Stored dataset items
'''
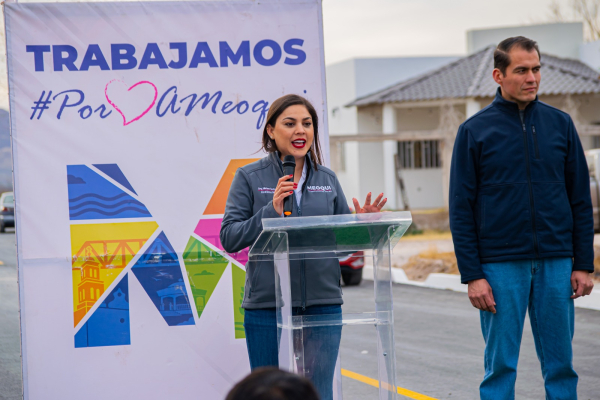 La Arq. Miriam Soto, alcaldesa del municipio de Meoqui, realizó la entrega oficial de la pavimentación de la calle 5a Sur en la comunidad de Nuevo San Lucas, obra que representa una inversión superior a los 600 mil pesos y que mejora de manera directa la calidad de vida de las familias, esto, en coordinación con el comité Pro Obras de la comunidad.
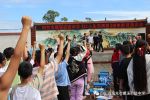 最后,在黄老师的引导下,孩子们凝神着五星红旗,高举右手,高声吟诵《少年中国说》,“少年强则国强,少年富少国富……”这声音在螺溪初中的上空久久回荡,这声音,抒发着孩子们对祖国的无限热爱。
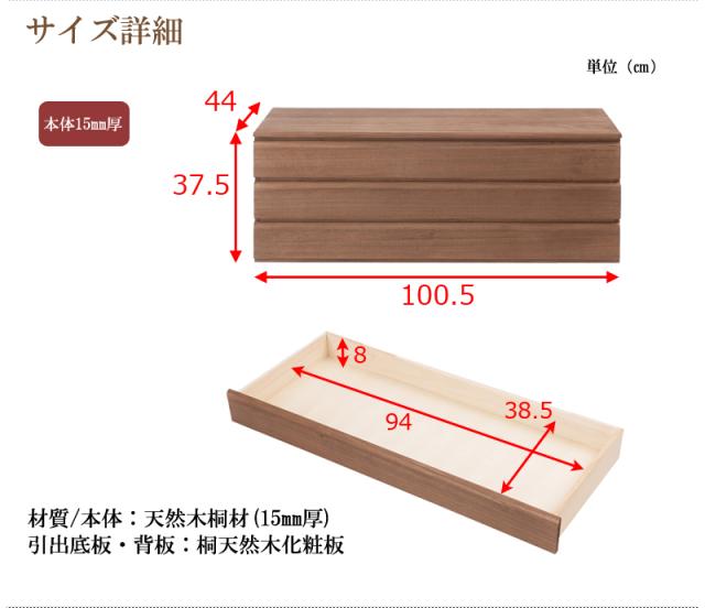 ■商品の仕様/本体:天然木桐材(水性塗装仕上げ)、引出し底板・背板:天然木桐化粧板
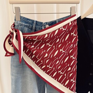 红色高级感叠穿屁帘裙帘女半身裙牛仔外搭丝巾围巾包头多功能围巾
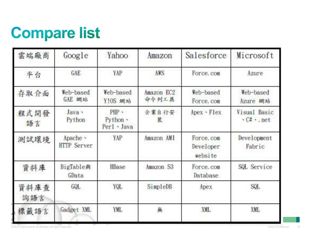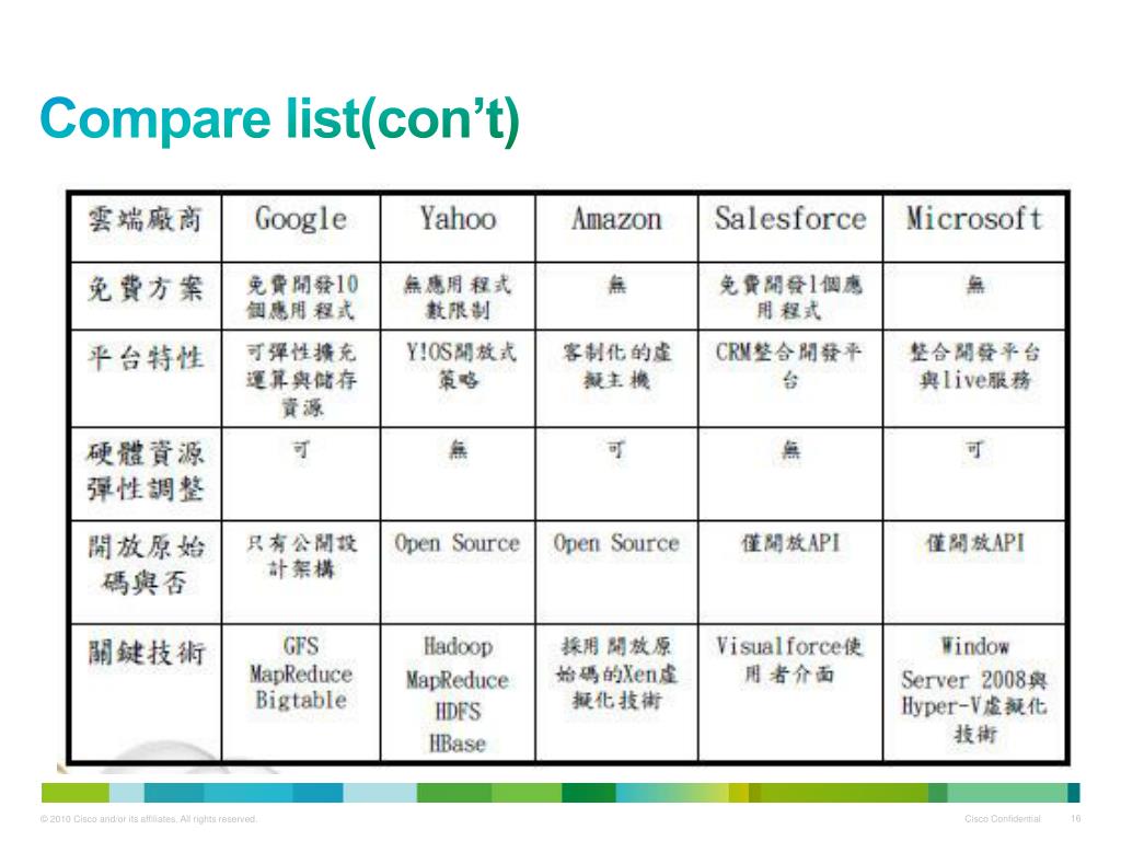 Additional question before adopt public cloud service • Sufficient internet access bandwidth? • Business to Cloud Service Provider bandwidth • Customer to Cloud Service Providerbandwidth • Will transform to other platform?
'''
Each line from the one containing "最后,在黄老师的引导下,孩子" through the last line of the entries above is to be extracted exactly. Pictures are not part of the copy.

 最后,在黄老师的引导下,孩子们凝神着五星红旗,高举右手,高声吟诵《少年中国说》,“少年强则国强,少年富少国富……”这声音在螺溪初中的上空久久回荡,这声音,抒发着孩子们对祖国的无限热爱。
 ■商品の仕様/本体:天然木桐材(水性塗装仕上げ)、引出し底板・背板:天然木桐化粧板
 红色高级感叠穿屁帘裙帘女半身裙牛仔外搭丝巾围巾包头多功能围巾
 Additional question before adopt public cloud service • Sufficient internet access bandwidth? • Business to Cloud Service Provider bandwidth • Customer to Cloud Service Providerbandwidth • Will transform to other platform?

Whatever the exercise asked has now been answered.